**WORK ITEM:**
Leaving out the images, repeat all the lines below exactly.

*** Opening of MATERIAL PROVIDED ***

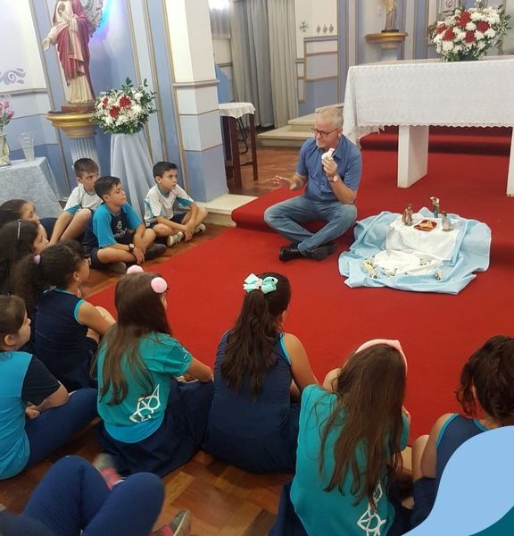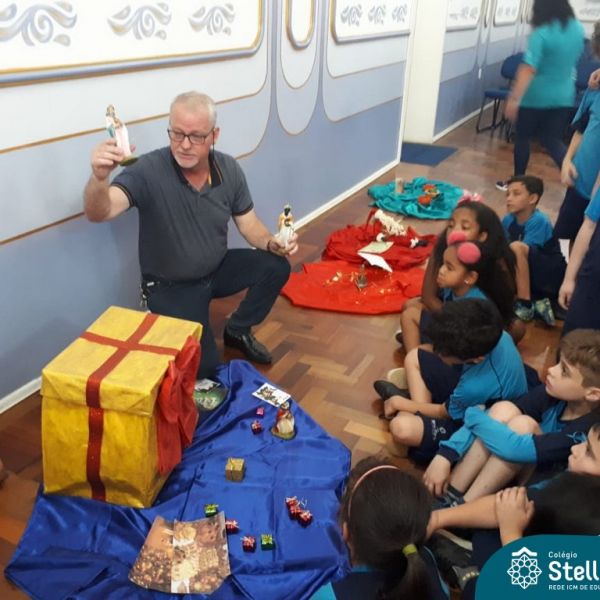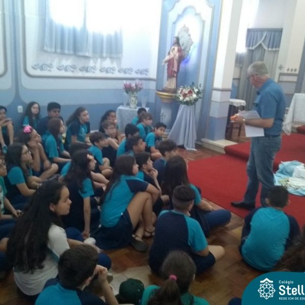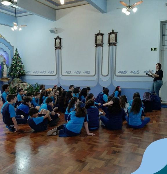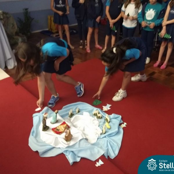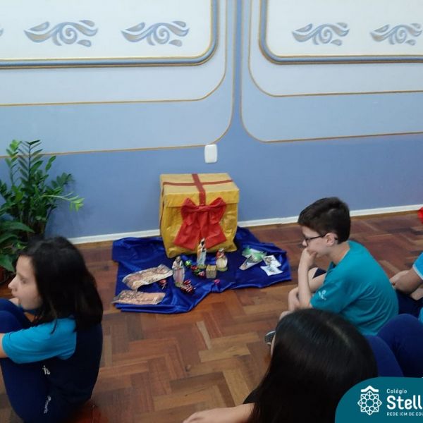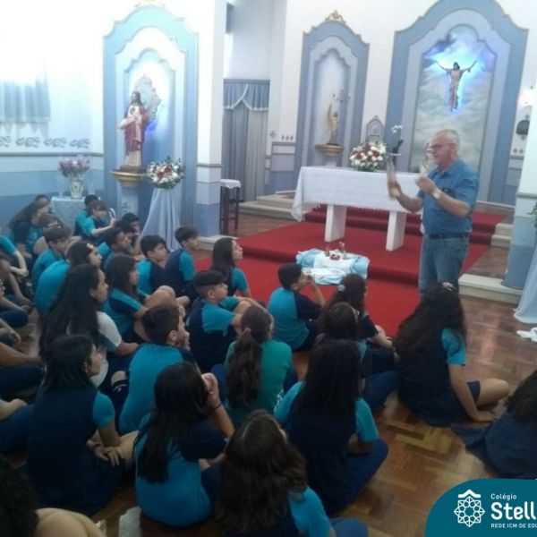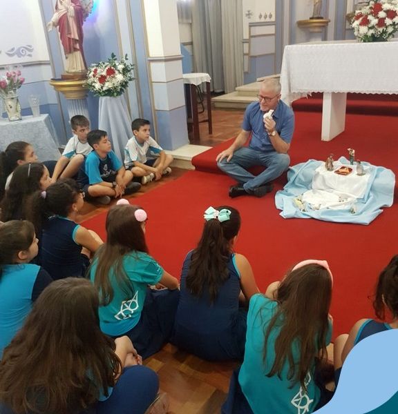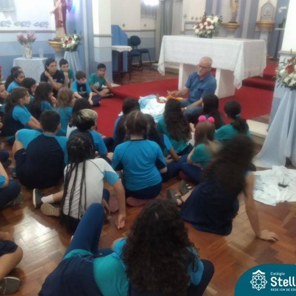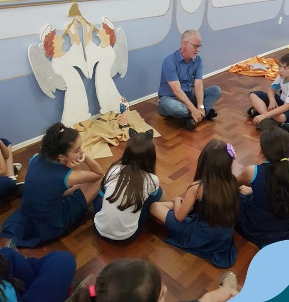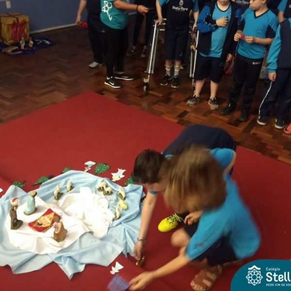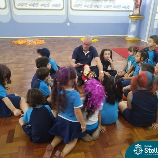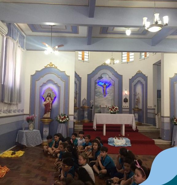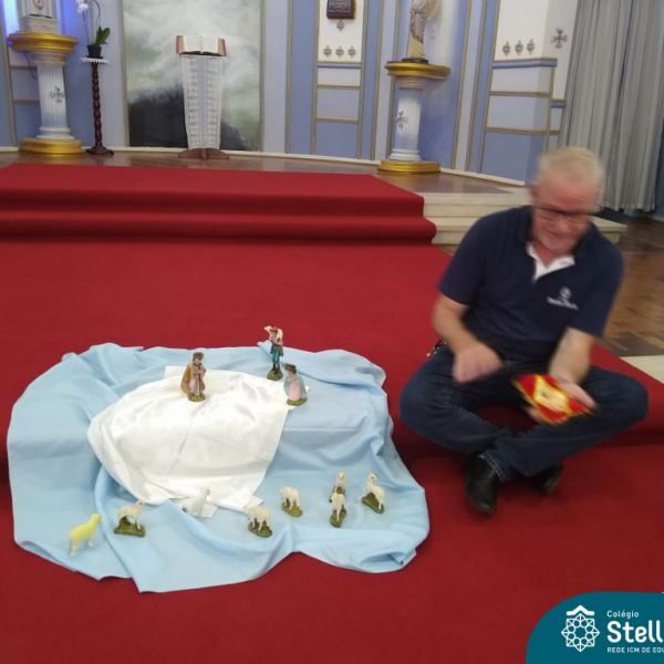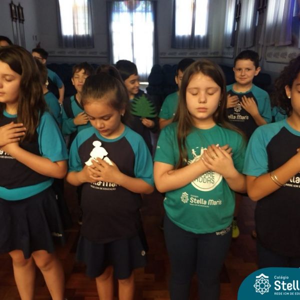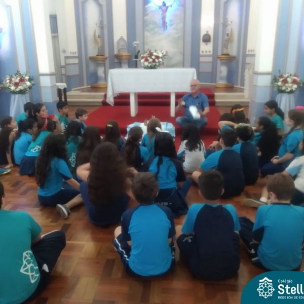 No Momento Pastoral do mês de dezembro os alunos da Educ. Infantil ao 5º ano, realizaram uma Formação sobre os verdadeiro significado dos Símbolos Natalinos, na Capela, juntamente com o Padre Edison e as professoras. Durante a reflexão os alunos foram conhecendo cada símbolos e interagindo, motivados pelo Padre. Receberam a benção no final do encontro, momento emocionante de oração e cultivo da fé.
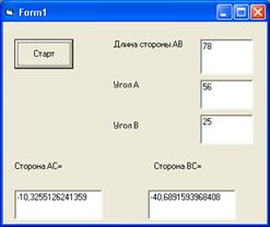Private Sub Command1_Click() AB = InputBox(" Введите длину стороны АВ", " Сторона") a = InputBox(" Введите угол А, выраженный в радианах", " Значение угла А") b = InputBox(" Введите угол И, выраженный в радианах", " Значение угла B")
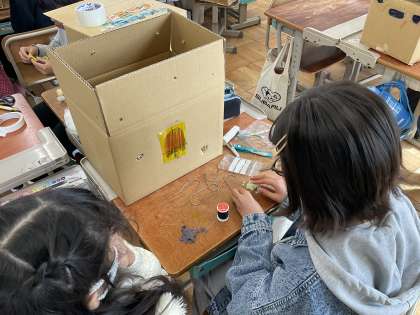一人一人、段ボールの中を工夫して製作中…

*** Close of MATERIAL PROVIDED ***

**TASK OUTPUT:**
 No Momento Pastoral do mês de dezembro os alunos da Educ. Infantil ao 5º ano, realizaram uma Formação sobre os verdadeiro significado dos Símbolos Natalinos, na Capela, juntamente com o Padre Edison e as professoras. Durante a reflexão os alunos foram conhecendo cada símbolos e interagindo, motivados pelo Padre. Receberam a benção no final do encontro, momento emocionante de oração e cultivo da fé.
Private Sub Command1_Click() AB = InputBox(" Введите длину стороны АВ", " Сторона") a = InputBox(" Введите угол А, выраженный в радианах", " Значение угла А") b = InputBox(" Введите угол И, выраженный в радианах", " Значение угла B")
一人一人、段ボールの中を工夫して製作中…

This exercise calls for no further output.